Veneta Dimitrova, senior U.S. economist for Ned Davis Research, estimates that a 10 percent decline in inflation-adjusted household financial wealth in one period subtracts about 0.5 percent from real consumption growth in the subsequent period. Then there’s the psychological fallout from a market swoon that can affect people and firms not directly exposed to price movements in equity or debt.
That’s why economists keep an eye on gauges that track consumer and business confidence.
Consumer confidence and stocks are both whipped around by views on the economy, and the correlation between the two is notable. A mathematical process for calculating how much one set of data influences another shows that nearly half the percent changes in the sentiment gauge are explained by swings in stock prices over an annual basis.
At the moment, two closely watched measures remain strong. The University of Michigan Consumer Sentiment Index and the NFIB Small Business Optimism Index are not far off 10-year highs.

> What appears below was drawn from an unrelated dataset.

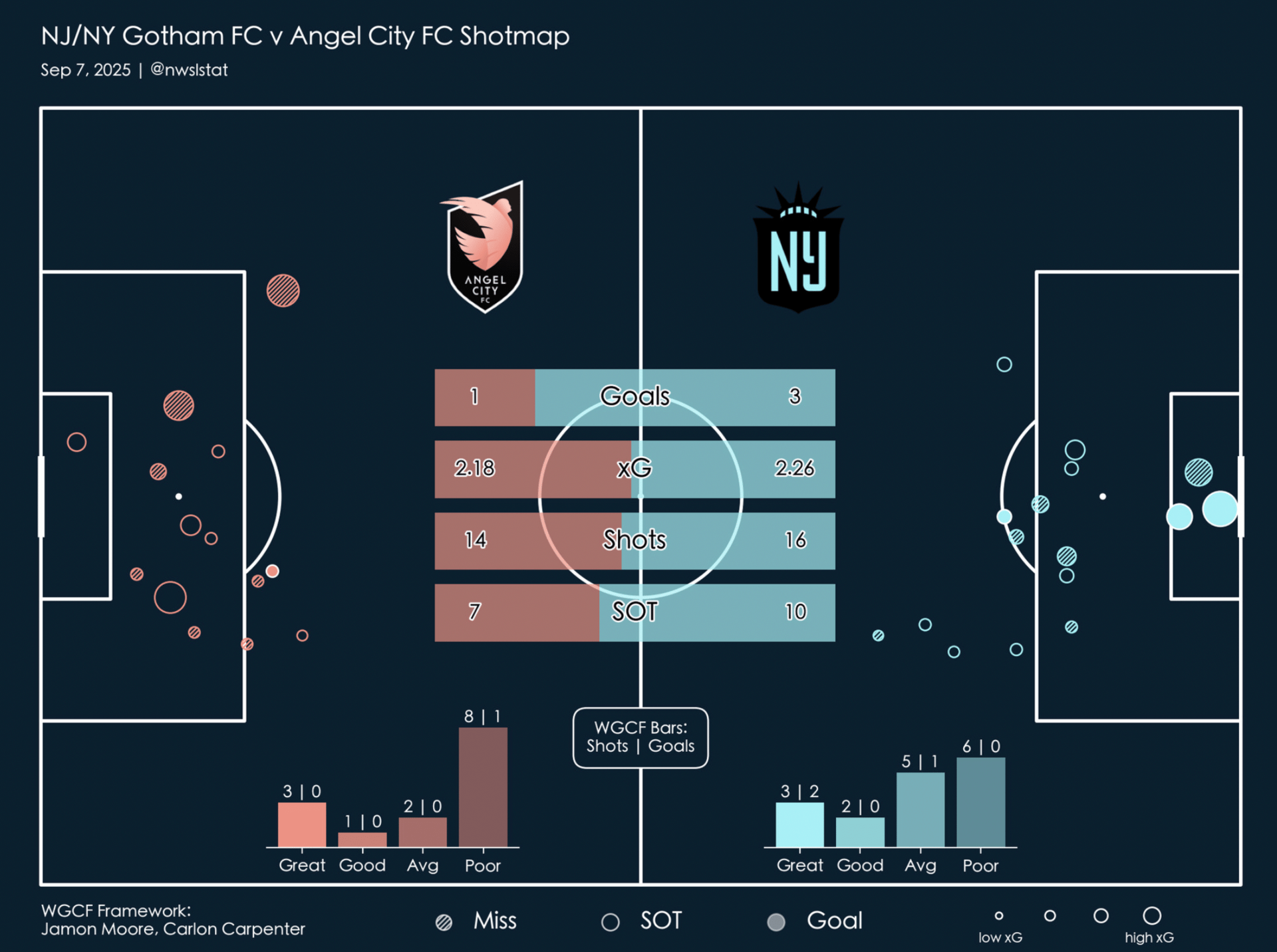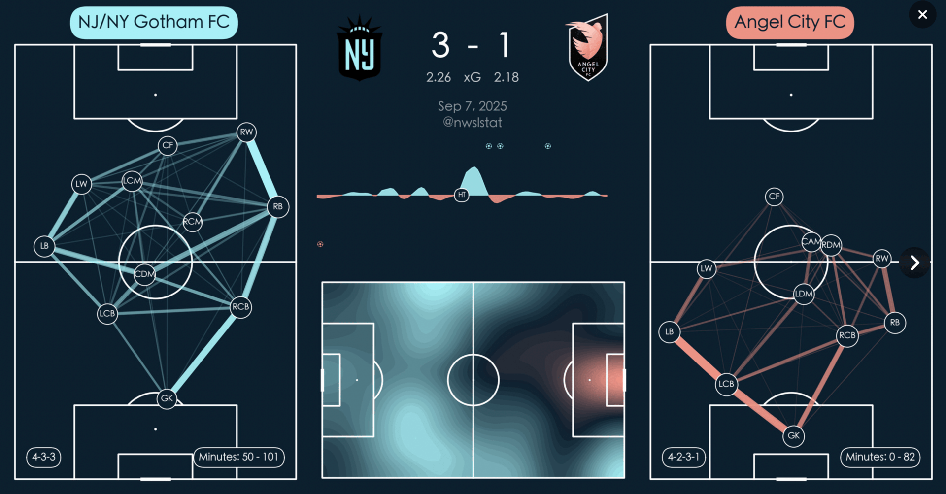 Angel City opened the scoring in the second minute with a pretty strike from Fuller. They continued to get opportunities going forward off of success in their press, and showed off some nice passing sequences in transition. Unfortunately, they weren’t able to close out a couple more big chances in the first half. Going into half time, things were feeling okay. Angel City looked composed and were getting into decent areas. At that time, they were winning the xG battle 1.18 to 0.78 with shots and shots on target looking fairly even.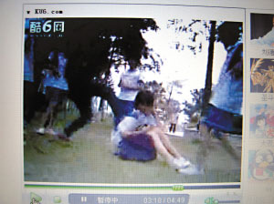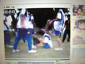 7月11日,酷6網(wǎng)上出現(xiàn)了一個(gè)肇慶某中學(xué)的女學(xué)生被打的過程視頻,視頻長(zhǎng)達(dá)4分49秒,重復(fù)兩次播放。

That’s no surprise, says BMO’s Lee, considering that the labor market continues to add jobs at a solid pace, with the unemployment rate at a 49-year low.
Still, the Fed needs to tread carefully and consider the possibility that investors are picking up signals of underlying weakness that haven’t yet showed up in the data. For Christopher Low, chief economist at FTN Financial, the Fed chairman was too dismissive of that risk on Wednesday.
“Market prices have meaning, reflecting supply and demand shifts realized and anticipated,” Low wrote in a note to clients Thursday. “Powell’s insistence that it’s just the stock market, and his implication that equity values are meaningless beyond their impact on wealth and future spending, smacks of denial.”
The S&P 500 Index of U.S. stocks is down 15 percent this quarter, on pace for its worst period since 2008. It’s clearly weighed down by the fading of fiscal stimulus in the U.S., a tightening Fed, slowing growth abroad and trade tensions.
Yet many U.S. indicators continue to reflect underlying economic strength. According to Mayank Seksaria, chief macro strategist at Macro Risk Advisors, markets are divorced from the economy.
He plots the S&P 500 against the Institute for Supply Management Manufacturing PMI -- which, standing above 59, still fits strongly in growth territory. The comparison shows the equity market is the most disconnected from the economy in 30 years.
So, who’s got it wrong?
“There’s an expression from the market that the price action gets it before the data,” said Quincy Krosby, chief market strategist at Prudential Financial Inc. “The big question really is, is this just a slowdown or is it something more dire such as a recession in the offing?”